Start of DATA SHOWN

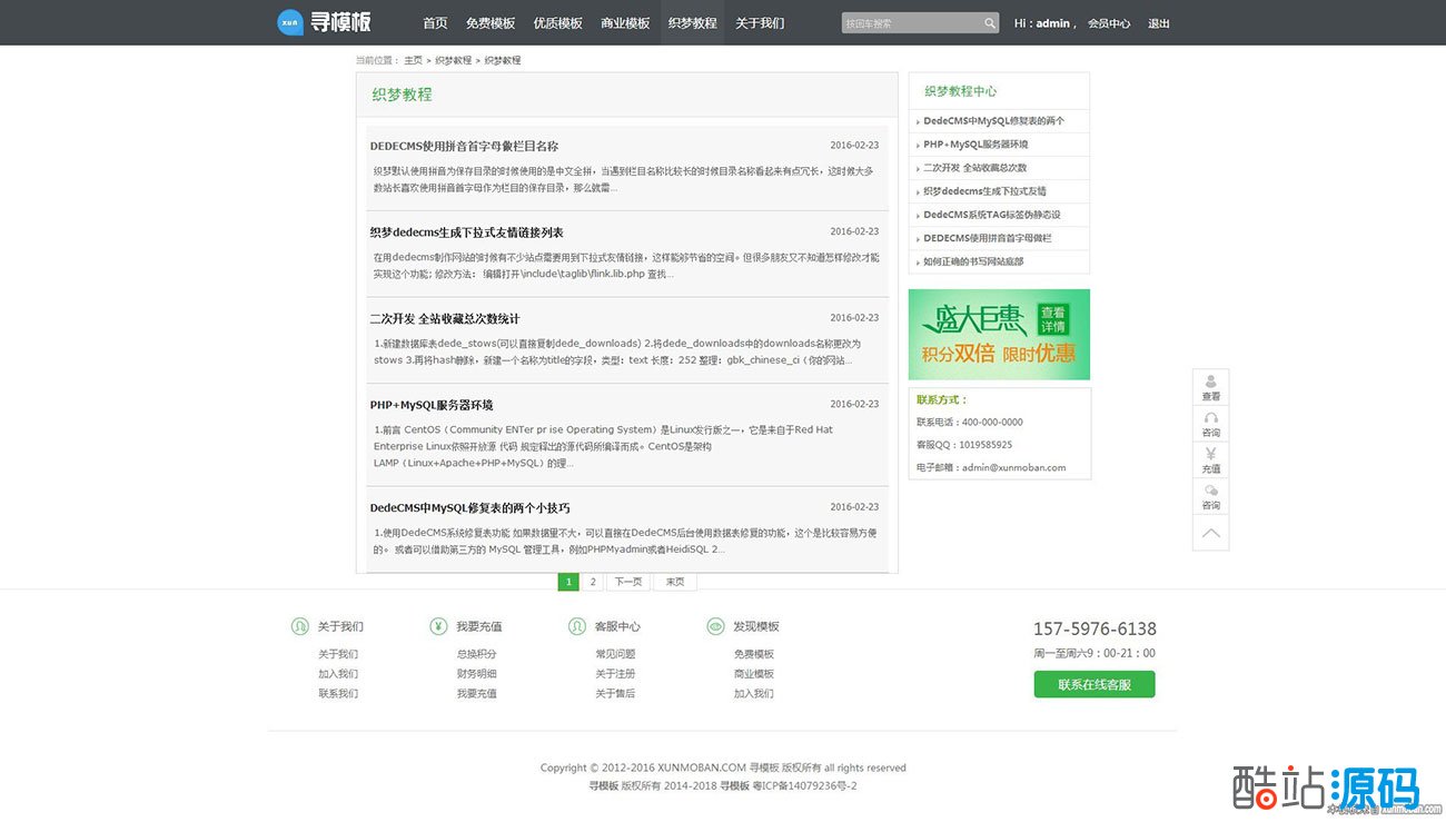 这套模板适合虚拟物品销售,网页模板销售,虚拟素材销售等行业使用,整站带数据,带安装说明。模板整体页面干净清晰,简洁。模板功能强大,图片采用加载的方式,大大提高了网站打开速度,注册时采用邮件验证激活账号,下载模板时通过邮件通知用户下载的模板信息。下载模板根据会员级别进行优惠,高级会员打折的方式。功能强大的不能再强大了。模板附带安装说明,包安装,包售后。此款织梦模板采用UFT-8内核制作,该模板是整站源码,带测试数据,安装非常方便,。
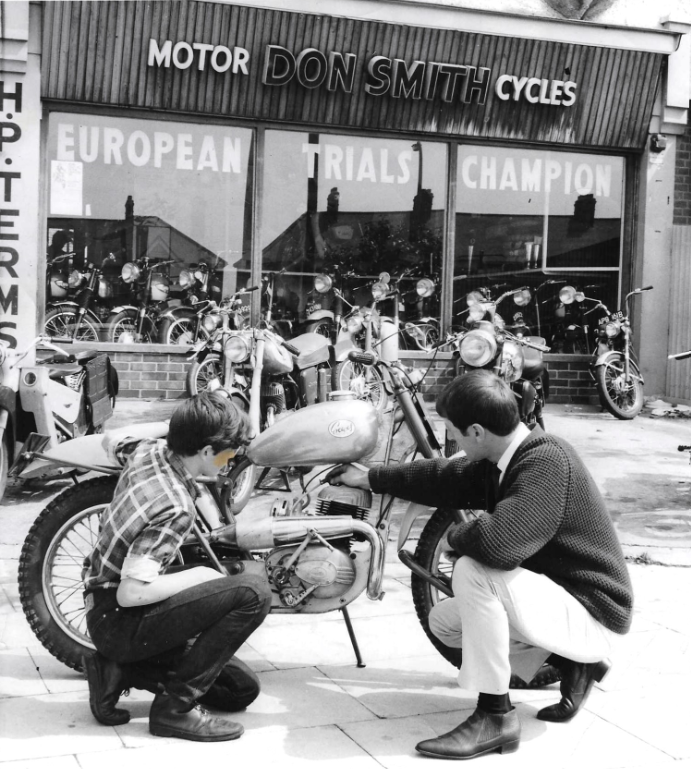 The shop in Highams Park became well known throughout Britain as Don was a great publicist. They came from far and wide to trade in trials machines and buy new replacements. Being a stickler for preparation and his links with Greeves, the second hand bikes were well prepared and many of the Greeves riders dealt with Don Smith Motorcycles. Terry Busch did much of the preparation of the second-hand Greeves trials machines, making them ready for sale, by replacing bent and damaged components and generally making them fit to compete on a Sunday. The shop’s reputation grew as a result.
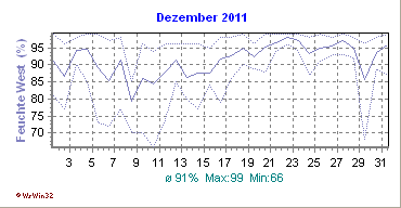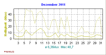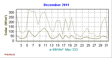 Monatsdiagramm Dezember 2011 Die Kurven zeigen den Durchschnittswert des jeweiligen Tages an |
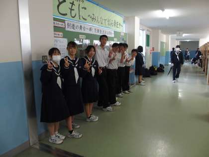 水曜日の朝の「あいさつ運動」の様子です。生活委員が生徒玄関で、朝から爽やかなあいさつをしています。
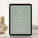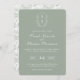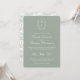 Sage Green Monogram Crest Wedding Invitation: Vintage-inspired line art monogram crest with elegant sage green typography. Features a chinoiserie floral pattern on the reverse for timeless sophistication.

End of DATA SHOWN

**WHAT YOU NEED TO DO:** Transcribe all data precisely. Pictures are not copied.

**PROBLEM SOLUTION:**
 这套模板适合虚拟物品销售,网页模板销售,虚拟素材销售等行业使用,整站带数据,带安装说明。模板整体页面干净清晰,简洁。模板功能强大,图片采用加载的方式,大大提高了网站打开速度,注册时采用邮件验证激活账号,下载模板时通过邮件通知用户下载的模板信息。下载模板根据会员级别进行优惠,高级会员打折的方式。功能强大的不能再强大了。模板附带安装说明,包安装,包售后。此款织梦模板采用UFT-8内核制作,该模板是整站源码,带测试数据,安装非常方便,。
 The shop in Highams Park became well known throughout Britain as Don was a great publicist. They came from far and wide to trade in trials machines and buy new replacements. Being a stickler for preparation and his links with Greeves, the second hand bikes were well prepared and many of the Greeves riders dealt with Don Smith Motorcycles. Terry Busch did much of the preparation of the second-hand Greeves trials machines, making them ready for sale, by replacing bent and damaged components and generally making them fit to compete on a Sunday. The shop’s reputation grew as a result.
 Monatsdiagramm Dezember 2011 Die Kurven zeigen den Durchschnittswert des jeweiligen Tages an |
 水曜日の朝の「あいさつ運動」の様子です。生活委員が生徒玄関で、朝から爽やかなあいさつをしています。
 Sage Green Monogram Crest Wedding Invitation: Vintage-inspired line art monogram crest with elegant sage green typography. Features a chinoiserie floral pattern on the reverse for timeless sophistication.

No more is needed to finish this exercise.